Given our last two quarters of performance, Wall Street needs to see us improve profitability. Rather than further our investment into these three products, we've decided to wind them down. Because these projects were the only projects developed out of our Beijing space, we will not be renewing the lease on our office and will close it. These measures should result in savings that will improve our perception on Wall Street, though it will be two quarters before those changes show in our bottom line.

For employees affected by this, we will be offering remote work opportunities and placement services.

This is far longer, but it also provides a lot of justification and context for this decision:

  • Several projects have consistently failed to perform.
  • The company had a massive miss in their minimum viable product projections for these products.
  • The company stocks are getting punished due to profitability concerns.
  • These projects were the only ones in the Beijing office.
  • Workers will be transitioned nicely.

However, this is a great example of communications coming from the M8 level in the manager chain from figures 4 and 5: the very top. This sort of communication is actually pretty good in most companies! This is why that whole company all-hands meeting is so valuable. Figure 6 shows how various kinds of all-hands are useful for communicating global context.

M8: Company all-hands. M6: Division all-hands. M4: Department all-hands. M: Team status meeting
Figure 6: How all-hands meetings are used to communicate global context down the org-chart. Context for decisions made at the M8, M6, and M4 level are shared downward at these meetings.

There is a caveat about all-hands meetings: they generally consider things that would be of general interest to everyone below that level. So a decision that only affects your line made at the M6 level may not get mentioned because other lines don't care. Decisions like these don't get communicated down through all-hands meetings, so the context for those will have to be moved through a different channel. You could add more all-hands meetings, but synchronous feedback sessions like those get tiresome and take everyone out of work.

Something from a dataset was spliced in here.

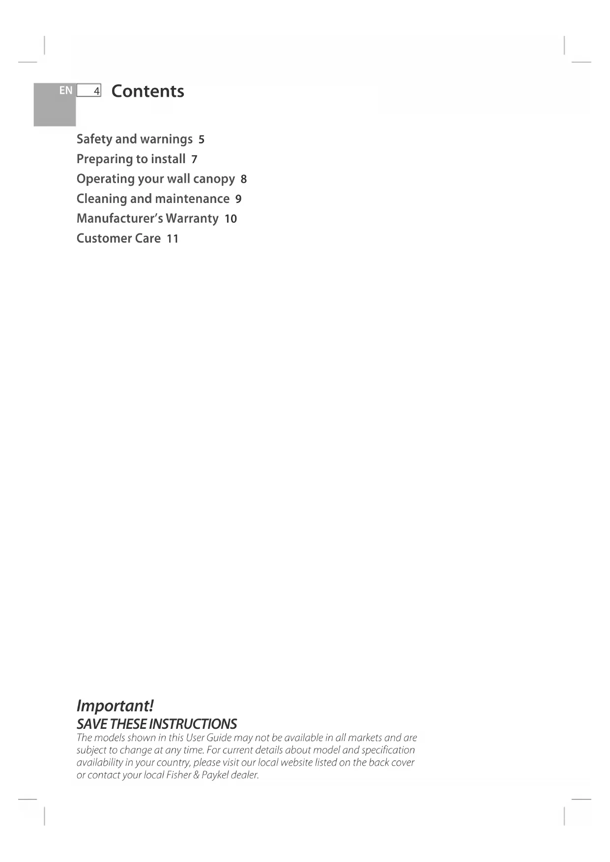 The models shown in this User Guide may not be available in all markets and are subject to change at any time. For current details about model and specification availability in your country, please visit our local website listed on the back cover or contact your local Fisher & Paykel dealer. Safety and warnings 5 Preparing to install 7 Operating your wall canopy 8 Cleaning and maintenance 9 Manufacturer’s Warranty 10 Customer Care 115

You need a different method of downwards feedback for most decisions. Unfortunately, the role of manager in a highly generative environment is to be an information router top to bottom, bottom to top, and side to side, summarizing as appropriate, and keeping track of which people are interested in which decisions. Feedback is totally a game of telephone, because the M4 needs to keep track of what each of their M3s are interested in so when they hear something in that list from the M5 they can communicate it downward, and it only gets worse the higher up you get.

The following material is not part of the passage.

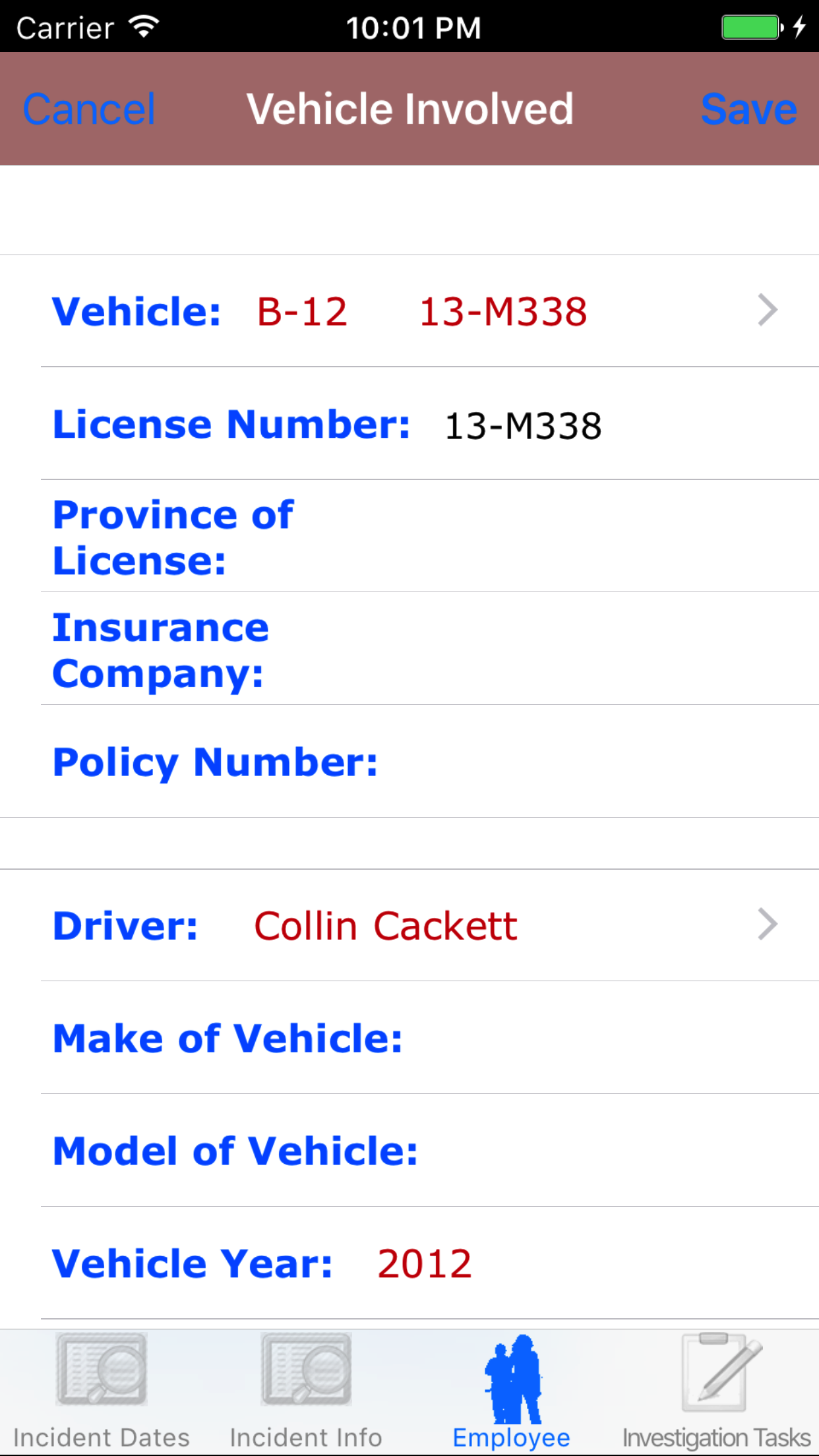 - Tap Save in the top right corner of the screen to save the vehicle involved.

Now that I spent too many words explaining the problem, here are some concrete steps you can take to improve your "decision quality" metrics in your already pretty generative organization. These are all ways to improve the quality of context flowing down the org-chart:

  • If you are a manager whose team's work is dominated by planning processes mostly set by higher level managers — most agile teams in large organizations — if you're not already in the planning process, poke the manager who is for status. Also, communicate the summary of the balancing-act to your reports. They will thank you for the context.
  • If you are a manager of managers (everything from M4 up in the above figures) explicitly ask your reports about areas they would like more feedback from you. Prompt them with quarterly and annual planning processes if they shrug and can't think of anything.
  • If you are a high level manager of managers (M5-7 above) encourage your reports to get better about downward communication of context.
  • You can fake an all-hands by doing a "newsletter" email once a month or whatever and put your downward context there. Put in your planning goals, top-of-mind items, and weighty decisions you're looking to address. For extra credit, directly solicit feedback. The point is to build organizational priopreception around decisions in the pipeline.
  • Communicate the process, not just the final decision. People feel better about decisions when they have a perception of the progress behind them.